Teck Resources Future Earnings Per Share Growth
Risks
What could happen that would invalidate this narrative?- The threat of global economic downturn, geopolitical tensions, inflation, and supply chain disruptions creates a challenging environment that could negatively impact metals demand and ultimately reduce revenues.
- Potential tariffs and retaliatory trade measures, particularly from China, pose a risk to the demand for Red Dog's zinc and lead concentrate sales, potentially impacting sales volumes and revenues.
- The ongoing maintenance shutdowns and tailings development issues at QB could disrupt production plans, leading to higher costs and lower margins in the short term.
- Dependence on favorable commodity prices for profitability means that any decline in copper or zinc prices could significantly reduce revenues and profit margins.
- Political and regulatory uncertainties, such as the potential impacts from indigenous government disputes or changes in U.S. trade policies, could affect project timelines and operational costs, posing risks to earnings.
Valuation
How have all the factors above been brought together to estimate a fair value?- The analysts have a consensus price target of CA$64.864 for Teck Resources based on their expectations of its future earnings growth, profit margins and other risk factors. However, there is a degree of disagreement amongst analysts, with the most bullish reporting a price target of CA$82.0, and the most bearish reporting a price target of just CA$47.0.
- In order for you to agree with the analyst's consensus, you'd need to believe that by 2028, revenues will be CA$11.5 billion, earnings will come to CA$1.2 billion, and it would be trading on a PE ratio of 30.3x, assuming you use a discount rate of 7.8%.
- Given the current share price of CA$48.77, the analyst price target of CA$64.86 is 24.8% higher.
- We always encourage you to reach your own conclusions though. So sense check these analyst numbers against your own assumptions and expectations based on your understanding of the business and what you believe is probable.

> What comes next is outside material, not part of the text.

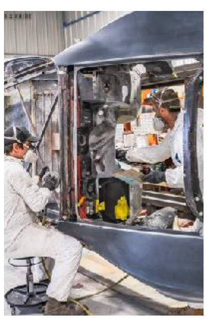
Body & Paint Technician

How well do narratives help inform your perspective?
Disclaimer
AnalystConsensusTarget is a tool utilizing a Large Language Model (LLM) that ingests data on consensus price targets, forecasted revenue and earnings figures, as well as the transcripts of earnings calls to produce qualitative analysis. The narratives produced by AnalystConsensusTarget are general in nature and are based solely on analyst data and publicly-available material published by the respective companies. These scenarios are not indicative of the company's future performance and are exploratory in nature. Simply Wall St has no position in the company(s) mentioned. Simply Wall St may provide the securities issuer or related entities with website advertising services for a fee, on an arm's length basis. These relationships have no impact on the way we conduct our business, the content we host, or how our content is served to users. The price targets and estimates used are consensus data, and do not constitute a recommendation to buy or sell any stock, and they do not take account of your objectives, or your financial situation. Note that AnalystConsensusTarget's analysis may not factor in the latest price-sensitive company announcements or qualitative material.